When authenticating using bg_auth() / gargle::token_fetch(), the google redirect url expects to redirect the browser to a new port on localhost. However, when using a managed service such as GCP AI Platform Notebooks the localhost redirect means you end up at the wrong location.

Expected behavior: bq_auth() should have an option to authenticate with Google using just the command line.
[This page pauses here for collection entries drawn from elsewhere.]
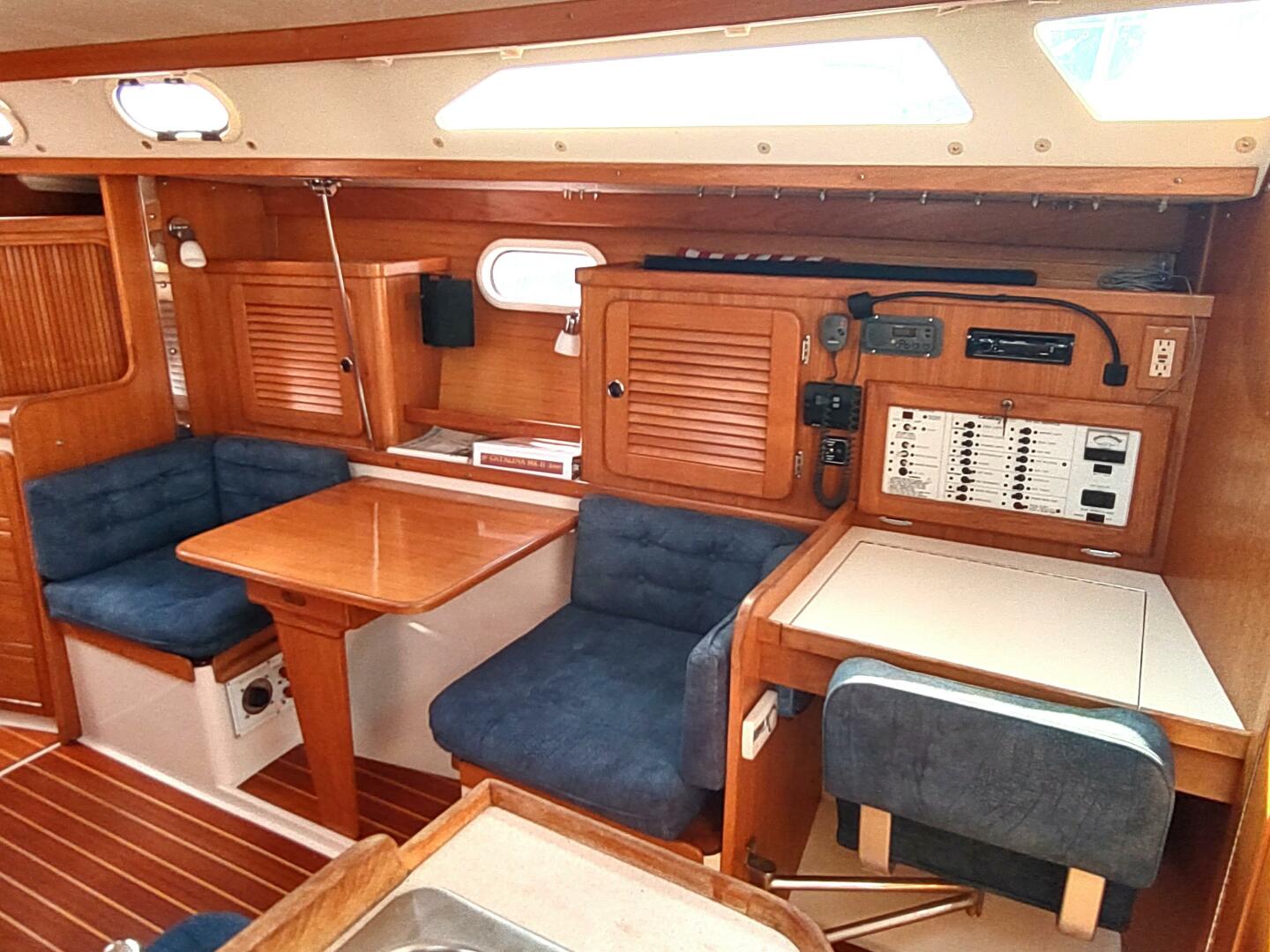 Because the Catalina 36 is easily handled by a couple, has a big comfortable cockpit, a spacious interior with two private cabins and the integrity to pursue cruising dreams, many experienced sailors consider the Catalina 36 the perfect boat for their sailing lifestyle. The Catalina 36 MkII has all the important characteristics that made the original the most popular 36-foot sailboat in the world. The Mark II Catalina 36 is built in the same seakindly moderate displacement hull. It tracks surely and performs well in a variety of conditions. The deck is the classic trunk cabin configuration - proven, comfortable and functional. The main cabin and galley have received special attention to design and detail. The galley is a functional 'U' shape, with composite countertops, the sinks are near centerline for proper drainage underway. A large refrigerated ice box is aft and a dry food locker is forward. A gimballed, stainless steel LPG stove with oven is standard equipment. The main cabin can be arranged with a dinette or traditional table. The two seats and game table to starboard can be made into a settee or berth with the cushions provided. The entertainment center cabinet can be fitted with a stereo and concealed TV. The main cabin and all interior teak has the warmth and durability only obtained with multiple coats of varnish. The 36 has stainless steel hand rails and anodized spars, reducing maintenance on deck and extending the sailing season. The mechanical, electrical and plumbing systems have been re-engineered to increase dependability and accessibility. Engine access, for example, is excellent, with the one-piece, insulated enclosure removed. The hull is rugged, hand-laminated, solid fiberglass; the keel is lead with integrally cast stainless steel bolts. The mast is stepped through the deck on the keel and has inline spreaders and fore and aft lower shrouds, a sturdy arrangement that is easy to tune.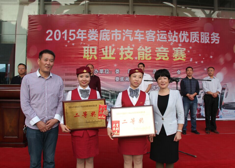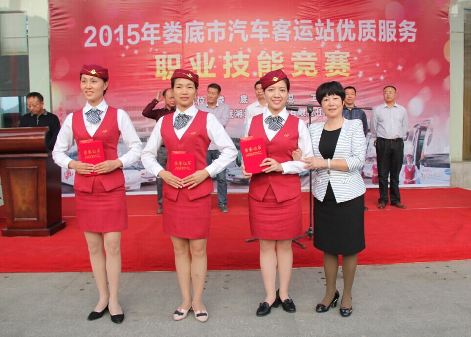 10月22日,由婁底市總工會和婁底湘運集團聯合舉辦的2015年婁底市汽車客運站優質服務職業技能競賽在婁底汽車南站圓滿落下帷幕。在為期兩天的比賽中,來自全市各縣市區的六支代表隊,30名選手進行了激烈角逐,婁底汽車南站代表隊以雄厚實力斬獲團體一等獎,同時被授予“婁底市五一先鋒集體”榮譽稱號,婁底客運分公司代表隊、新化分公司代表隊獲得團體二等獎。婁底汽車南站王菲成功摘得個人桂冠,并被授予“婁底市五一標兵”榮譽稱號。婁底客運分公司邱媚等獲得個人二等獎。新化分公司周海燕等獲得個人三等獎。婁底市人大常委會黨組副書記、副主任、市總工會主席肖有勝,市總工會黨組書記、常務副主席鄧煥章,公司董事長兼總經理彭瑞華等領導出席了開、閉幕式典禮。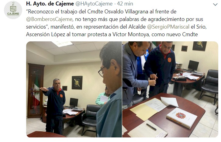 “Reconozco el trabajo del Cmdte Osvaldo Villagrana al frente de @BomberosCajeme, no tengo más que palabras de agradecimiento por sus servicios”, manifestó, en representación del Alcalde @SergioPMariscal el Srio, Ascensión López al tomar protesta a Víctor Montoya, como nuevo Cmdte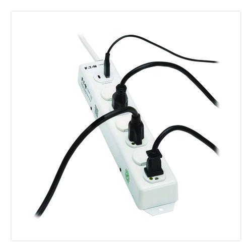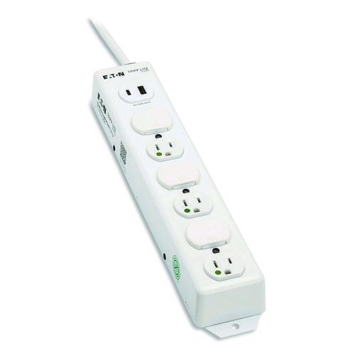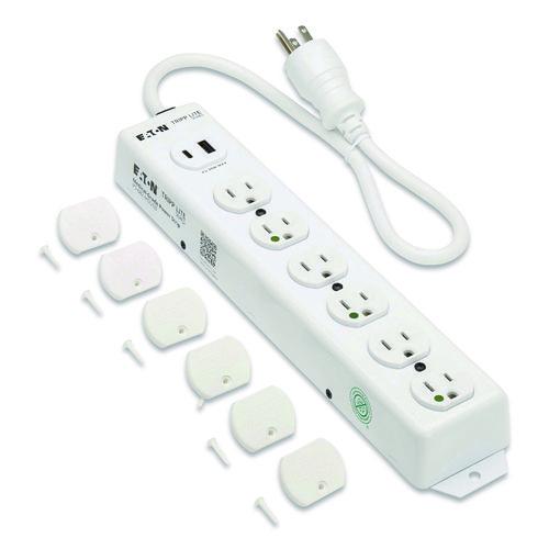 Features six NEMA 5-15R-HG hospital-grade outlets that supply power to equipment used in areas outside patient care vicinities, including nursing stations, pharmacies, office and administration areas and labs. This power strip has a NEMA 5-15P-HG "green dot" plug and meets UL 1363 standards. One USB-A port and one USB-C Power Delivery (PD) port let you charge smartphones, tablets and other vital mobile devices. The USB-C PD port provides up to 30 W. The Safe-IT power strip is protected by an antimicrobial coating that helps resist the growth of bacteria, viruses, fungi, mold and mildew. With no central power switch, this power strip presents no danger of accidental shutoff and cutting off power to essential devices. Locking plastic safety covers are included to block access to unused outlets. The two-foot cord connects the power strip to a standard NEMA 5-15R wall outlet. Built-in mounting flanges let you mount the all-metal housing to a stable, flat surface. Scan the Easy Asset QR code on the side of the power strip to access product resources and other critical information.

I suspect there's a bug in gargle's authentication code that prevents it from detecting when it should use the offline auth method. For example, if you run 'gcloud auth login' on your local dev box, the authentication url generated will have redirect_uri set to a port on localhost. But the same command on GCP AI Platform Notebooks will instead set redirect_uri to urn:ietf:wg:oauth:2.0:oob. The auth url for the latter option will result in you getting a string to copy/paste into your command line to complete the authentication process without having to access a second port.

Repro steps:

  1. In the GCP console go to AI Platform -> Notebooks -> New Instance -> R 3.x.x -> Create
  2. Wait for the notebook to be created and then click "OPEN JUPYTERLAB"
  3. Run the following commands to install and load bigrquery:
install.packages("httpuv")
install.packages("gargle")
install.packages("bigrquery")
library(httpuv)
library(gargle)
library(bigrquery)
  1. Try to authenticate yourself:
    bq_auth(email="[email protected]")

  2. The authentication hangs forever. Even if you copy/paste the resulting url, the redirect will fail since the 'localhost' is on a VM running in GCP, not your local box

Warning message in file(txt):
“'raw = FALSE' but '/home/jupyter/.config/gcloud' is not a regular file”Warning message in open.connection(con, "rb"):
“cannot open file '/home/jupyter/.config/gcloud': it is a directory”Waiting for authentication in browser...
Press Esc/Ctrl + C to abort
Please point your browser to the following url: 
https://accounts.google.com/o/oauth2/auth?client_id=603366585132-0l3n5tr582q443rnomebdeeo0156b2bc.apps.googleusercontent.com&scope=https%3A%2F%2Fwww.googleapis.com%2Fauth%2Fbigquery%20https%3A%2F%2Fwww.googleapis.com%2Fauth%2Fcloud-platform%20https%3A%2F%2Fwww.googleapis.com%2Fauth%2Fuserinfo.email&redirect_uri=http%3A%2F%2Flocalhost%3A1410%2F&response_type=code&state=pzQAF2AlxL&login_hint=zainr%40google.com
  1. The above steps will fail even if you try to authenticate from within JupyterLab's terminal

I suspect that this is the login flow you want to follow: https://developers.google.com/identity/protocols/OAuth2ForDevices

Though it's possible that I simply haven't understood how the library is supposed to be used in this scenario.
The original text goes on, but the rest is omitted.